The type(s) of ODE detected by this program : "exact linear second order ode", "second_order_integrable_as_is"
Maple gives the following as the ode type
[[_2nd_order, _exact, _linear, _homogeneous]]
\[ \boxed {\left (x^{2}-1\right ) y^{\prime \prime }-2 \left (v -1\right ) x y^{\prime }-2 y v=0} \]
Integrating both sides of the ODE w.r.t \(x\) gives \begin {align*} \int \left (\left (x^{2}-1\right ) y^{\prime \prime }+\left (-2 x v +2 x \right ) y^{\prime }-2 y v \right )d x &= 0 \\ -2 x v y+\left (x^{2}-1\right ) y^{\prime } = c_{1} \end {align*}
Which is now solved for \(y\).
Entering Linear first order ODE solver.
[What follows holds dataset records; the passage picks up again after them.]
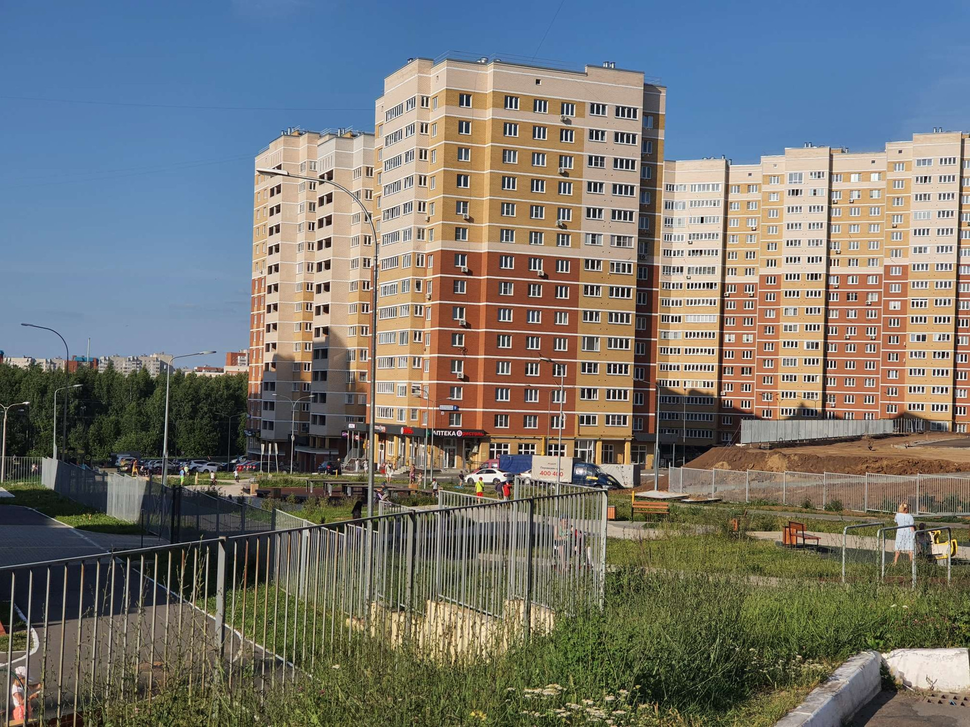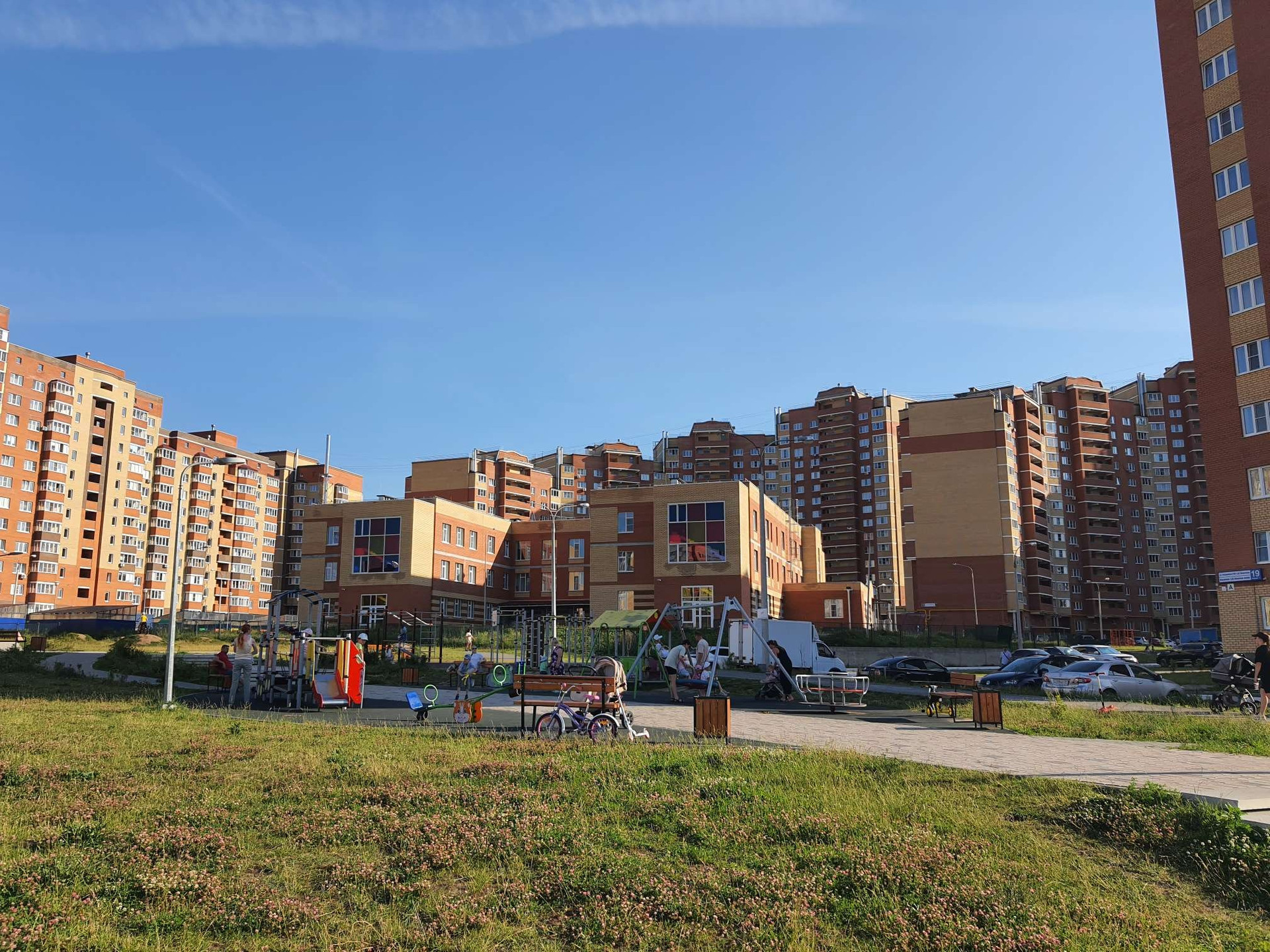 Этот район отличается развитой инфраструктурой: рядом расположены школа, детский сад, торговый центр, парк и фитнес-центр, что делает его идеальным местом для семейного проживания. Для маленьких жителей во дворе установлены детская и спортивная площадки. Также предусмотрены удобства для автомобилистов – парковка как во дворе, так и подземная.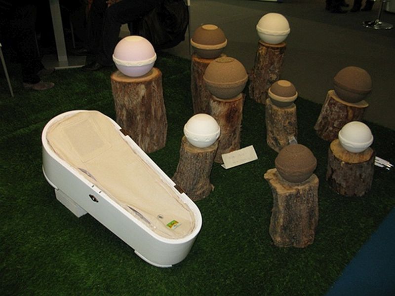 Характерно, что такие контейнеры в мире уже давно не новинка: ещё в 2010 г. на выставке погребальной индустрии в Аргентине была представлена серийная урна из соли, которая рассасывается в течение трёх часов в океане или до недели в грунте.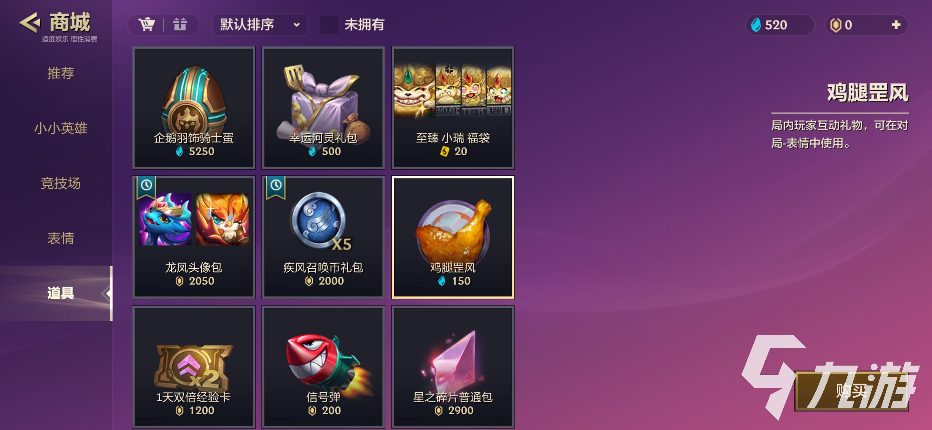 而還有一種就是購買表情以及道具,在游戲中比如說贏了一場玩家就可以進行嘲諷,這個時候發(fā)送這些嘲諷人的表情,會很搞人的心態(tài),比如雞腿罡風(fēng)需要消費150個藍寶石進行購買,其他的好看一點的道具以及表情都需要消耗點券了,總結(jié)一句話,藍色寶石沒什么用。這款游戲它的氪金點并不是很多,閑著沒事兒,將這些藍色寶石購買一些道具,還是挺劃算的,氪金就真的沒必要了。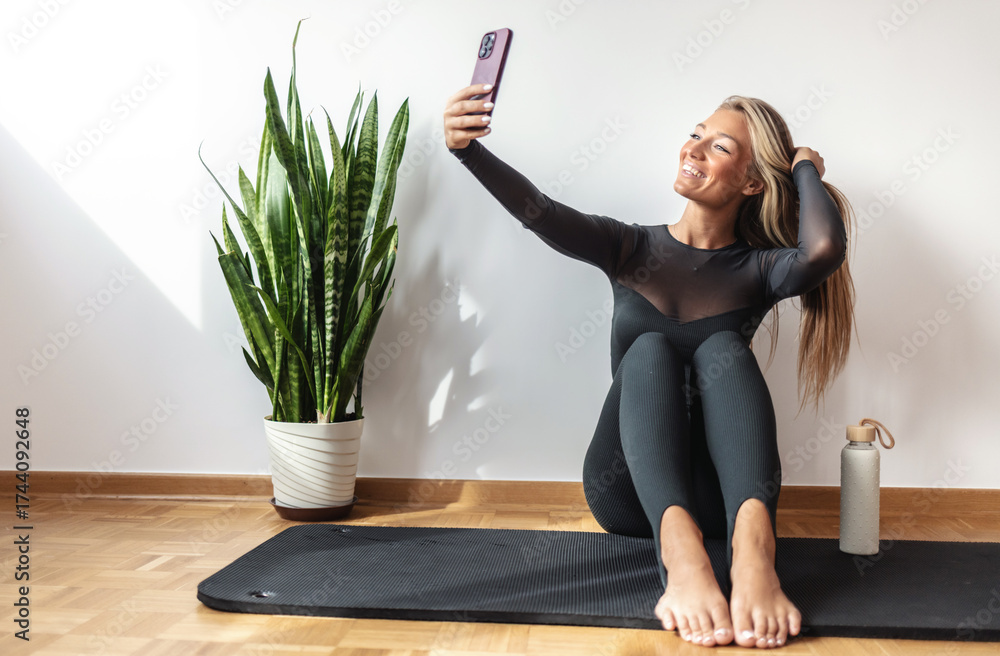 Fitness, selfie and yoga with happy woman in living room of home for health, pilates or wellness routine. Exercise, holistic and smile with Indian person on floor of apartment for social media.

In canonical form a linear first order is \begin {align*} y^{\prime } + p(x)y &= q(x) \end {align*}
Where here \begin {align*} p(x) &=-\frac {2 x v}{x^{2}-1}\\ q(x) &=\frac {c_{1}}{x^{2}-1} \end {align*}
Hence the ode is \begin {align*} y^{\prime }-\frac {2 x v y}{x^{2}-1} = \frac {c_{1}}{x^{2}-1} \end {align*}
The integrating factor \(\mu \) is \begin{align*} \mu &= {\mathrm e}^{\int -\frac {2 x v}{x^{2}-1}d x} \\ &= {\mathrm e}^{-v \ln \left (x +1\right )-v \ln \left (x -1\right )} \\ \end{align*} Which simplifies to \[ \mu = \left (x +1\right )^{-v} \left (x -1\right )^{-v} \] The ode becomes \begin {align*} \frac {\mathop {\mathrm {d}}}{ \mathop {\mathrm {d}x}}\left ( \mu y\right ) &= \left (\mu \right ) \left (\frac {c_{1}}{x^{2}-1}\right ) \\ \frac {\mathop {\mathrm {d}}}{ \mathop {\mathrm {d}x}} \left (\left (x +1\right )^{-v} \left (x -1\right )^{-v} y\right ) &= \left (\left (x +1\right )^{-v} \left (x -1\right )^{-v}\right ) \left (\frac {c_{1}}{x^{2}-1}\right )\\ \mathrm {d} \left (\left (x +1\right )^{-v} \left (x -1\right )^{-v} y\right ) &= \left (\frac {c_{1} \left (x +1\right )^{-v} \left (x -1\right )^{-v}}{x^{2}-1}\right )\, \mathrm {d} x \end {align*}
Integrating gives \begin {align*} \left (x +1\right )^{-v} \left (x -1\right )^{-v} y &= \int {\frac {c_{1} \left (x +1\right )^{-v} \left (x -1\right )^{-v}}{x^{2}-1}\,\mathrm {d} x}\\ \left (x +1\right )^{-v} \left (x -1\right )^{-v} y &= \int \frac {c_{1} \left (x +1\right )^{-v} \left (x -1\right )^{-v}}{x^{2}-1}d x + c_{2} \end {align*}
Dividing both sides by the integrating factor \(\mu =\left (x +1\right )^{-v} \left (x -1\right )^{-v}\) results in \begin {align*} y &= \left (x -1\right )^{v} \left (x +1\right )^{v} \left (\int \frac {c_{1} \left (x +1\right )^{-v} \left (x -1\right )^{-v}}{x^{2}-1}d x \right )+c_{2} \left (x -1\right )^{v} \left (x +1\right )^{v} \end {align*}
which simplifies to \begin {align*} y &= \left (x -1\right )^{v} \left (x +1\right )^{v} \left (c_{1} \left (\int \frac {\left (x +1\right )^{-v} \left (x -1\right )^{-v}}{x^{2}-1}d x \right )+c_{2} \right ) \end {align*}
Summary
The solution(s) found are the following \begin{align*} \tag{1} y &= \left (x -1\right )^{v} \left (x +1\right )^{v} \left (c_{1} \left (\int \frac {\left (x +1\right )^{-v} \left (x -1\right )^{-v}}{x^{2}-1}d x \right )+c_{2} \right ) \\ \end{align*}
Verification of solutions
\[ y = \left (x -1\right )^{v} \left (x +1\right )^{v} \left (c_{1} \left (\int \frac {\left (x +1\right )^{-v} \left (x -1\right )^{-v}}{x^{2}-1}d x \right )+c_{2} \right ) \] Verified OK.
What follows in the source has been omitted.